• **WORK REQUIRED**:
Type the records that follow again exactly as written, but drop the pictures.

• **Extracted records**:
------------------------------------------------------------------------
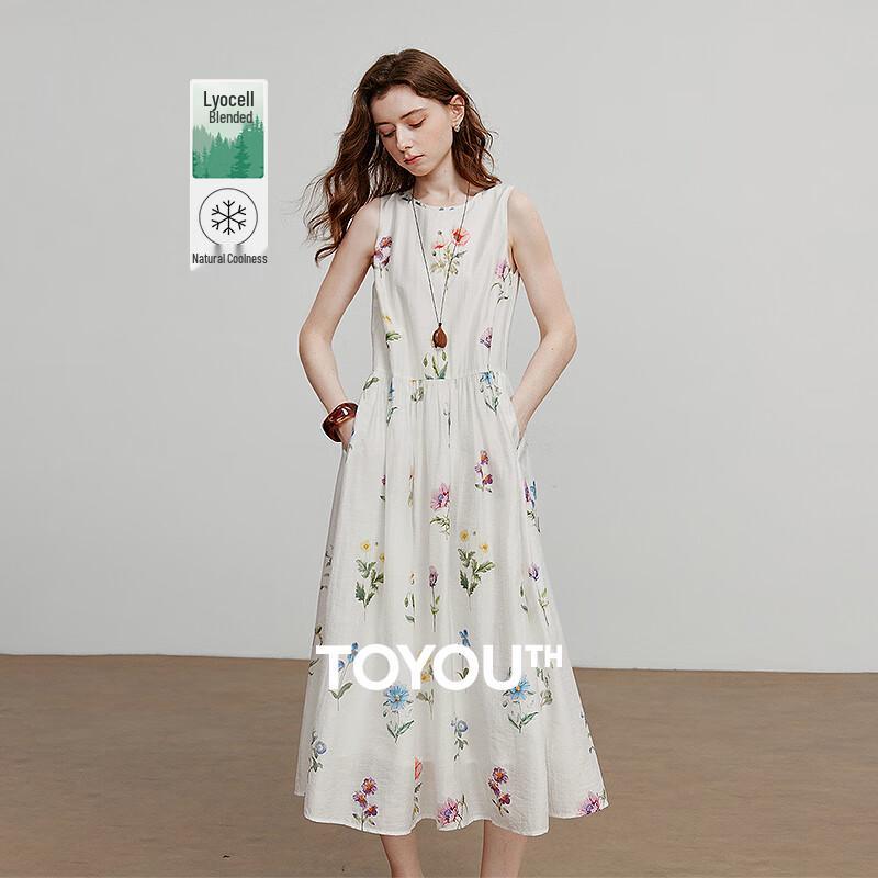 Chuyu Women's Resort Floral Print Round Neck Midi Dress
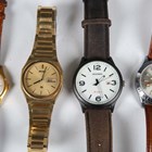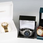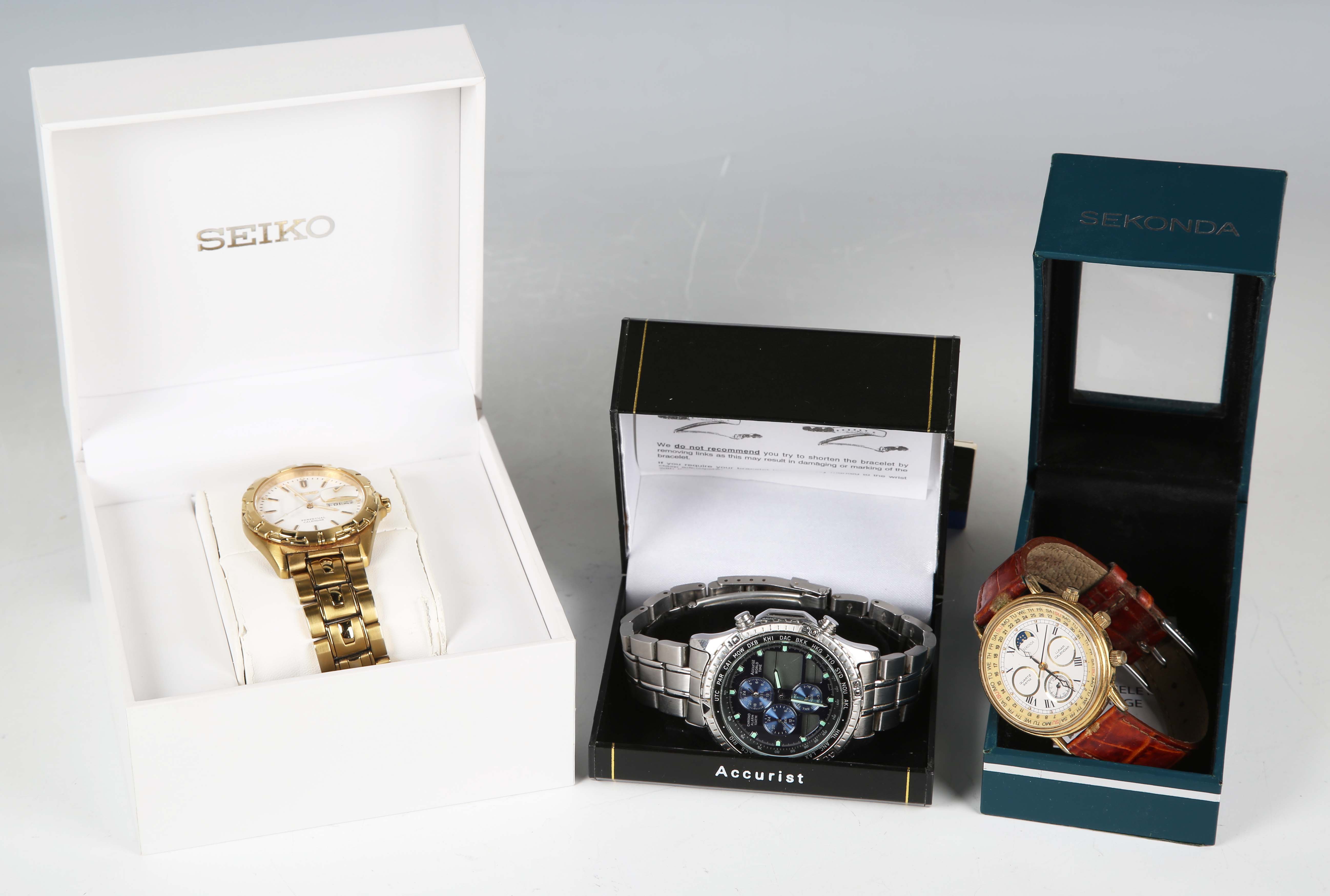 A group of seven gentlemen's wristwatches, comprising a Seiko Perpetual Calendar gilt metal and steel backed bracelet wristwatch, Ref. 8F33-0029, case width 3.7cm, with instructions and warranty card, dated '02/03/2000', a Seiko Twin Quartz gilt metal gentleman's bracelet wristwatch, Ref. 9723-8000, case width 3.6cm, an Oris gilt metal fronted and steel backed wristwatch with jewelled manual wind movement, case diameter 3.5cm, three Sekonda watches and an Accurist Word Time Alarm Chronograph wristwatch, boxed.
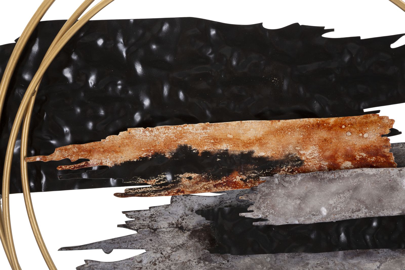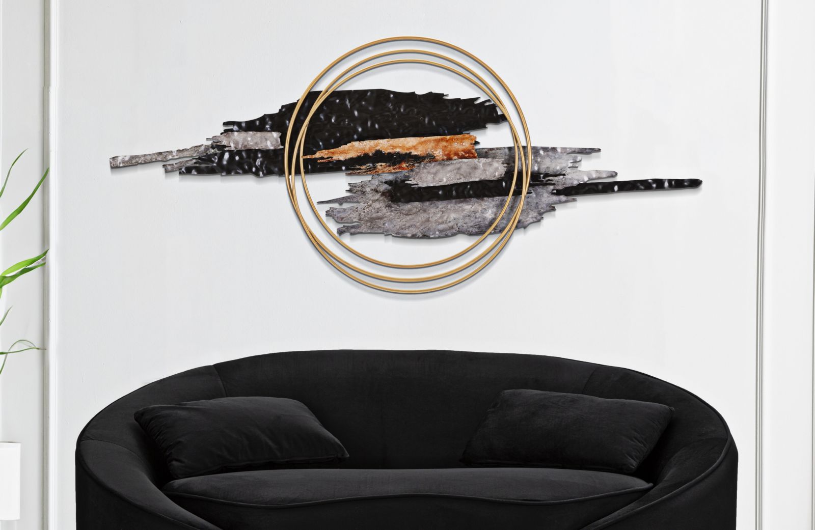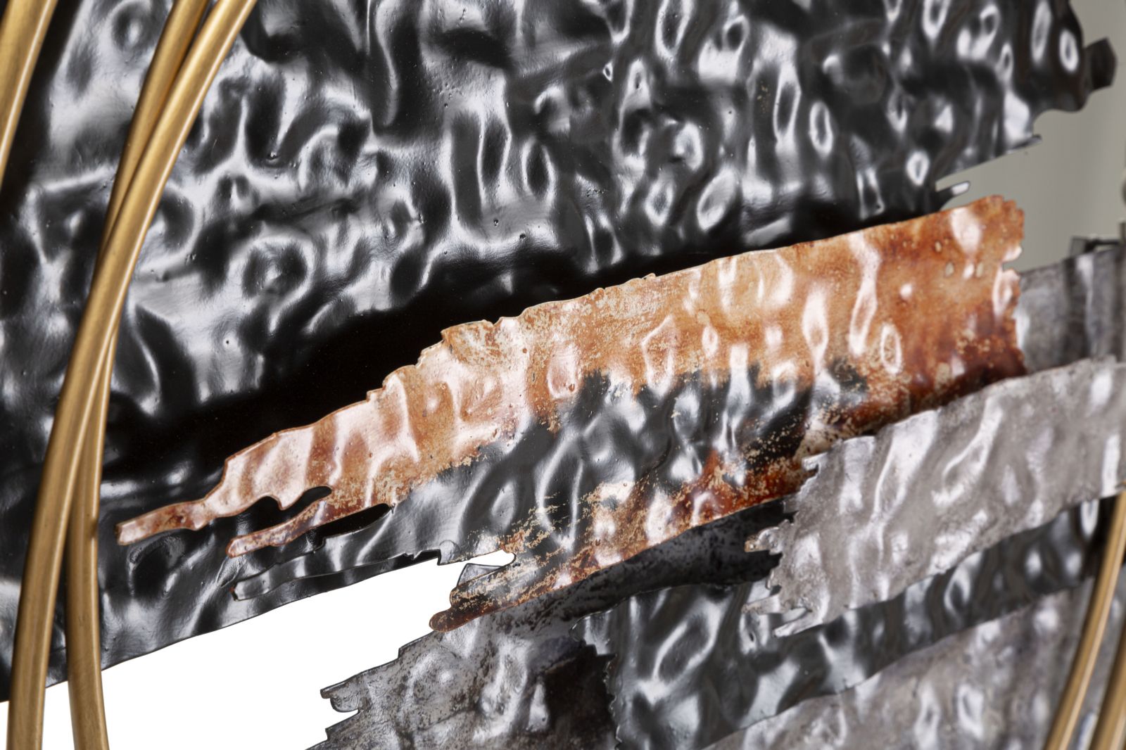 Pannello decorativo 3D da parete in metallo dal decoro astratto in un doppia cornice in metallo dorato.
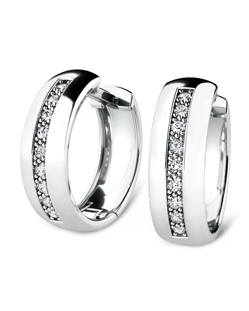 Náušnice kruhy patří mezi vůbec nejoblíbenější typ náušnic, náušnice jsou vhodné pro každodenní nošení i na společenské akce a sluší každé ženě! Jsou vyrobeny z bílého čtrnáctikarátového zlata - 585/1000 v lesklé povrchové úpravě. V každé náušnici je vsazeno "do zrnek" devět kulatých diamantů, vybroušený kulatým briliantovým brusem, který zajišťuje maximální brilanci vybroušených facet ze všech úhlů pohledu! Vsazování diamantů provádějí naši nejzkušenější mistři zlatníci ručně pod mikroskopem s přesností na 0,01mm a proto nehrozí vypadnutí diamantů jako to bývá u strojně vyráběných šperků. Náušnice jsou středně velké, na uchu vypadají elegantně a přirozeně!
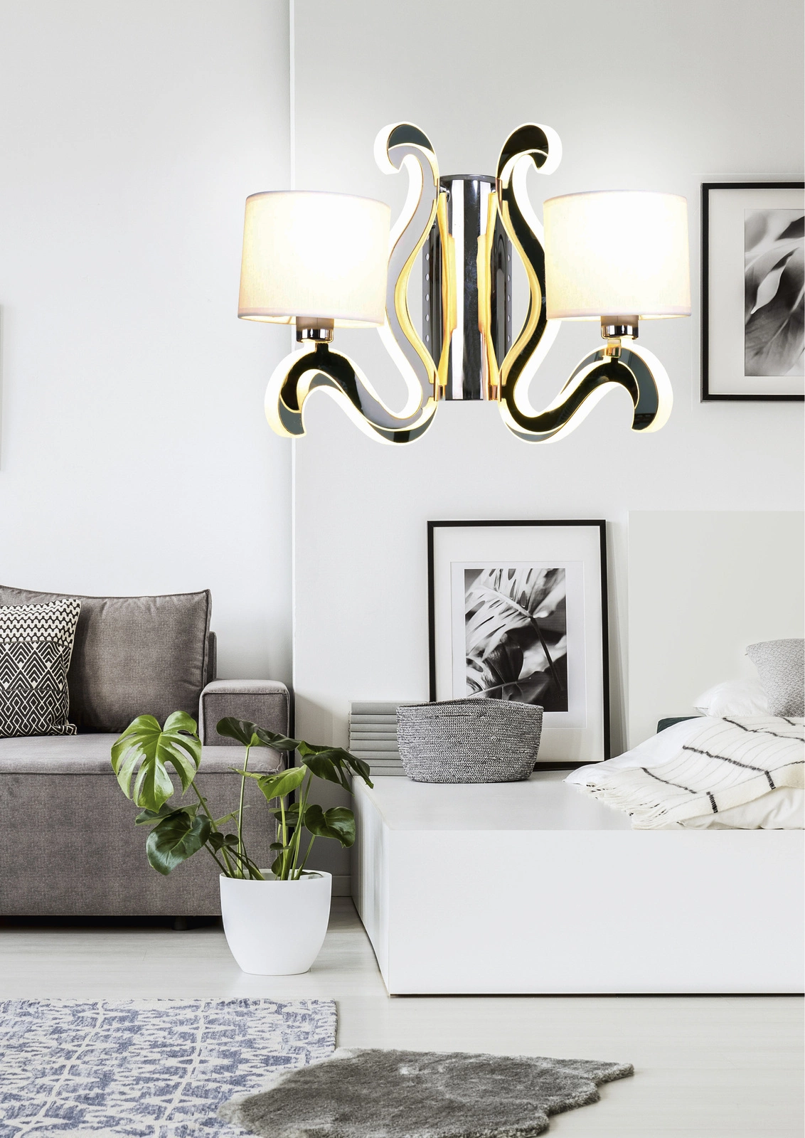 Nástěnné svítidlo LED Ambrosia 1 od značky Candellux je elegantní nástěnná lampa v moderním stylu, navržená pro stylové interiéry obývacích pokojů a ložnic. Kombinace pochromovaného kovového těla s bílým textilním stínidlem zajišťuje nejen odolnost, ale také jemný dekorativní efekt. Model o šířce 35 cm a výšce 30 cm je vybaven integrovaným LED osvětlením s teplým odstínem světla a místem pro žárovku E14, což z tohoto nástěnného svítidla dělá praktické řešení pro každodenní použití.
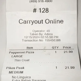 Ordered take out it was great. I love the crust. Service was great and my order was ready on time.
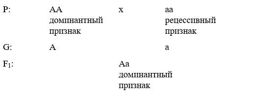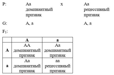 Схема гипотезы для моногибридного скрещивания:
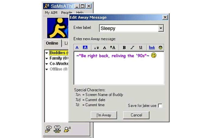 1997 – AOL Instant Messenger (AIM) is released and becomes common by 1999.
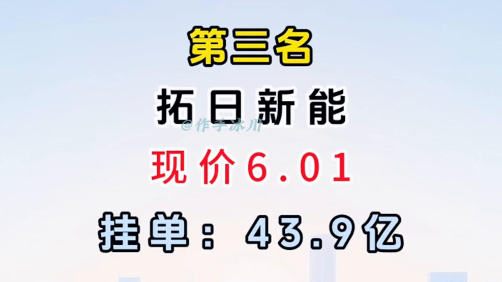 ·第三名:拓日新能,现价6.01,挂单:43.9亿。
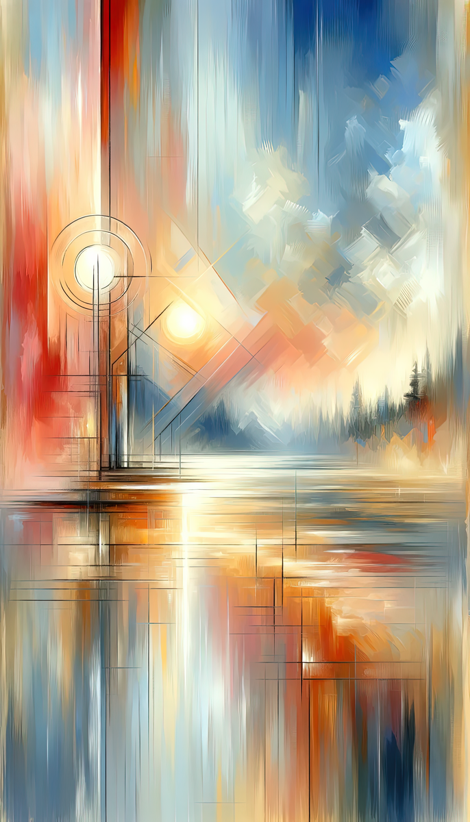 This is an evocative vertical painting entitled Simplicity Symphony Harmony, which is steeped in the Tachism style of abstract art. The canvas captures the very essence of simplicity and harmony through an array of softly blended hues and bold streaks of color. The composition is divided into warm and cool tones, featuring a juxtaposition of fiery reds and oranges against tranquil blues and whites. In the painting s center, a geometric arrangement of lines and circles introduces a hint of structure amidst the fluidity of its surroundings. This central motif suggests an otherworldly sun, with emanating rays intersecting with the vertical and horizontal elements, perhaps symbolizing the order and rhythm found within the natural chaos of life. The bottom half of the artwork subtly reflects the scene above, as if it were cast upon the surface of still water, with the colors melting into each other creating a serene, mirror-like effect. The blurring of lines and merging of colors evoke a sense of peace and continuum. The landscape background, though abstractly rendered with sweeping brushstrokes, evokes the silhouette of a distant, tranquil skyline or a forest at dusk or dawn. The luminescence of a round, sun-like form bathes the scene in a soft, ethereal light, further enhancing the harmony of the piece. Simplicity Symphony Harmony resonates with emotional depth, the visual representation of stillness and balance achieved through a symphony of simple, yet dynamic, elements.
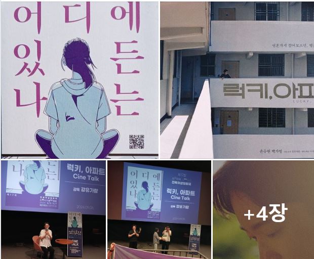 그때까지 내가 볼 영화가 어떤 종류의 영화인지, 제목이 무엇인지 전혀 알지 못했다. 상연 전, 빠르게 리플렛을 훑어보았다. 영화는 ‘희허락락(喜Her樂樂)’과 ‘어디에 있든 나는’이라는 슬로건 아래 9월 5~7일까지 열리는 ‘제17회 전북여성영화제’ 두 번째 날, 두 번째로 상영되는 <럭키, 아파트>임을 비로소 알게 되었다.
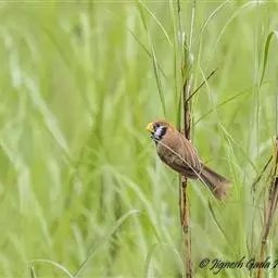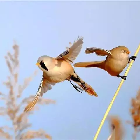 文须雀,别称髭雀、文须山雀,属雀形目、鹆鸟科、画眉亚科。眼先及髭纹黑色,头顶暗灰,…
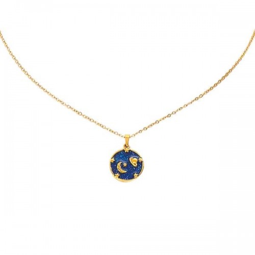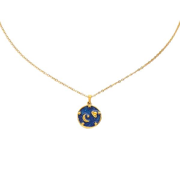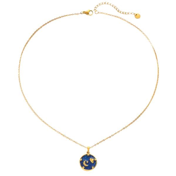 Dije con cadena en baño de oro amarillo de 18 quilates, diseño de planeta y luna con esmaltado azul.
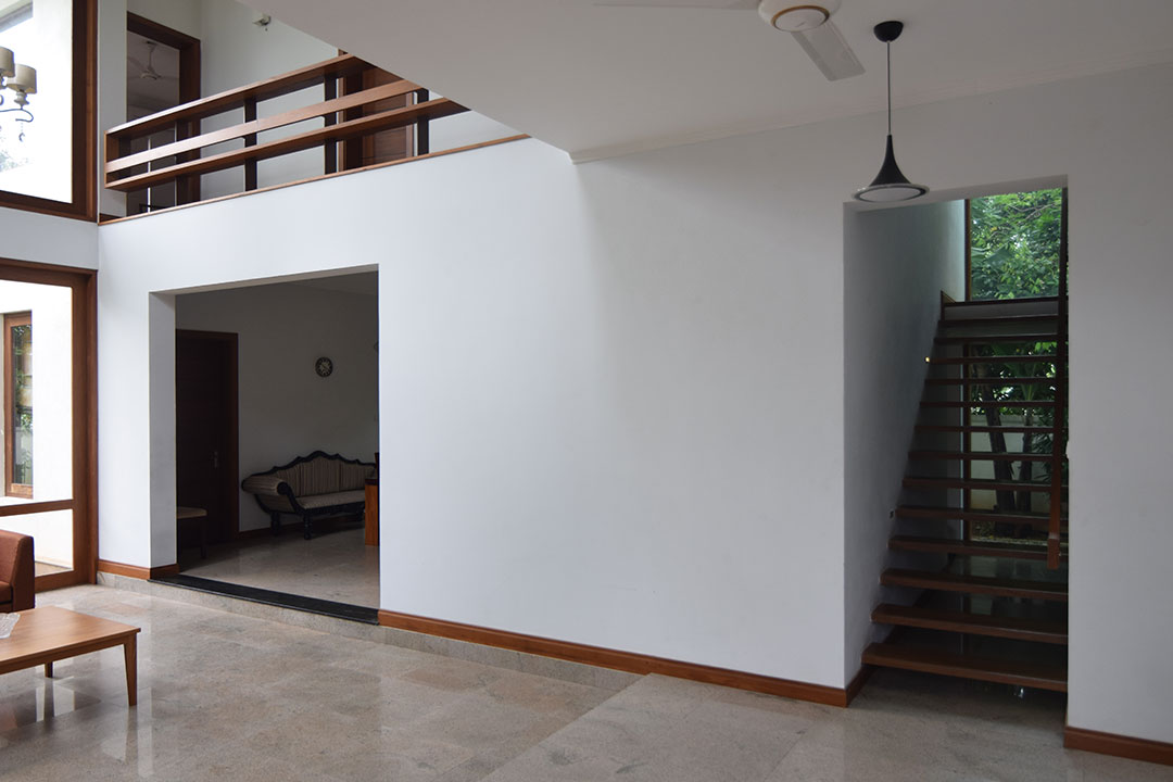 This four bedroomed house wraps around the interior in an L-shaped form with a central transparent staircase that orients one when progressing through the building. The spaces are void of visible columns saving the edges of the building.
------------------------------------------------------------------------
• **FINAL ANSWER**:
 Chuyu Women's Resort Floral Print Round Neck Midi Dress
 A group of seven gentlemen's wristwatches, comprising a Seiko Perpetual Calendar gilt metal and steel backed bracelet wristwatch, Ref. 8F33-0029, case width 3.7cm, with instructions and warranty card, dated '02/03/2000', a Seiko Twin Quartz gilt metal gentleman's bracelet wristwatch, Ref. 9723-8000, case width 3.6cm, an Oris gilt metal fronted and steel backed wristwatch with jewelled manual wind movement, case diameter 3.5cm, three Sekonda watches and an Accurist Word Time Alarm Chronograph wristwatch, boxed.
 Pannello decorativo 3D da parete in metallo dal decoro astratto in un doppia cornice in metallo dorato.
 Náušnice kruhy patří mezi vůbec nejoblíbenější typ náušnic, náušnice jsou vhodné pro každodenní nošení i na společenské akce a sluší každé ženě! Jsou vyrobeny z bílého čtrnáctikarátového zlata - 585/1000 v lesklé povrchové úpravě. V každé náušnici je vsazeno "do zrnek" devět kulatých diamantů, vybroušený kulatým briliantovým brusem, který zajišťuje maximální brilanci vybroušených facet ze všech úhlů pohledu! Vsazování diamantů provádějí naši nejzkušenější mistři zlatníci ručně pod mikroskopem s přesností na 0,01mm a proto nehrozí vypadnutí diamantů jako to bývá u strojně vyráběných šperků. Náušnice jsou středně velké, na uchu vypadají elegantně a přirozeně!
 Nástěnné svítidlo LED Ambrosia 1 od značky Candellux je elegantní nástěnná lampa v moderním stylu, navržená pro stylové interiéry obývacích pokojů a ložnic. Kombinace pochromovaného kovového těla s bílým textilním stínidlem zajišťuje nejen odolnost, ale také jemný dekorativní efekt. Model o šířce 35 cm a výšce 30 cm je vybaven integrovaným LED osvětlením s teplým odstínem světla a místem pro žárovku E14, což z tohoto nástěnného svítidla dělá praktické řešení pro každodenní použití.
 Ordered take out it was great. I love the crust. Service was great and my order was ready on time.
 Схема гипотезы для моногибридного скрещивания:
 1997 – AOL Instant Messenger (AIM) is released and becomes common by 1999.
 ·第三名:拓日新能,现价6.01,挂单:43.9亿。
 This is an evocative vertical painting entitled Simplicity Symphony Harmony, which is steeped in the Tachism style of abstract art. The canvas captures the very essence of simplicity and harmony through an array of softly blended hues and bold streaks of color. The composition is divided into warm and cool tones, featuring a juxtaposition of fiery reds and oranges against tranquil blues and whites. In the painting s center, a geometric arrangement of lines and circles introduces a hint of structure amidst the fluidity of its surroundings. This central motif suggests an otherworldly sun, with emanating rays intersecting with the vertical and horizontal elements, perhaps symbolizing the order and rhythm found within the natural chaos of life. The bottom half of the artwork subtly reflects the scene above, as if it were cast upon the surface of still water, with the colors melting into each other creating a serene, mirror-like effect. The blurring of lines and merging of colors evoke a sense of peace and continuum. The landscape background, though abstractly rendered with sweeping brushstrokes, evokes the silhouette of a distant, tranquil skyline or a forest at dusk or dawn. The luminescence of a round, sun-like form bathes the scene in a soft, ethereal light, further enhancing the harmony of the piece. Simplicity Symphony Harmony resonates with emotional depth, the visual representation of stillness and balance achieved through a symphony of simple, yet dynamic, elements.
 그때까지 내가 볼 영화가 어떤 종류의 영화인지, 제목이 무엇인지 전혀 알지 못했다. 상연 전, 빠르게 리플렛을 훑어보았다. 영화는 ‘희허락락(喜Her樂樂)’과 ‘어디에 있든 나는’이라는 슬로건 아래 9월 5~7일까지 열리는 ‘제17회 전북여성영화제’ 두 번째 날, 두 번째로 상영되는 <럭키, 아파트>임을 비로소 알게 되었다.
 文须雀,别称髭雀、文须山雀,属雀形目、鹆鸟科、画眉亚科。眼先及髭纹黑色,头顶暗灰,…
 Dije con cadena en baño de oro amarillo de 18 quilates, diseño de planeta y luna con esmaltado azul.
 This four bedroomed house wraps around the interior in an L-shaped form with a central transparent staircase that orients one when progressing through the building. The spaces are void of visible columns saving the edges of the building.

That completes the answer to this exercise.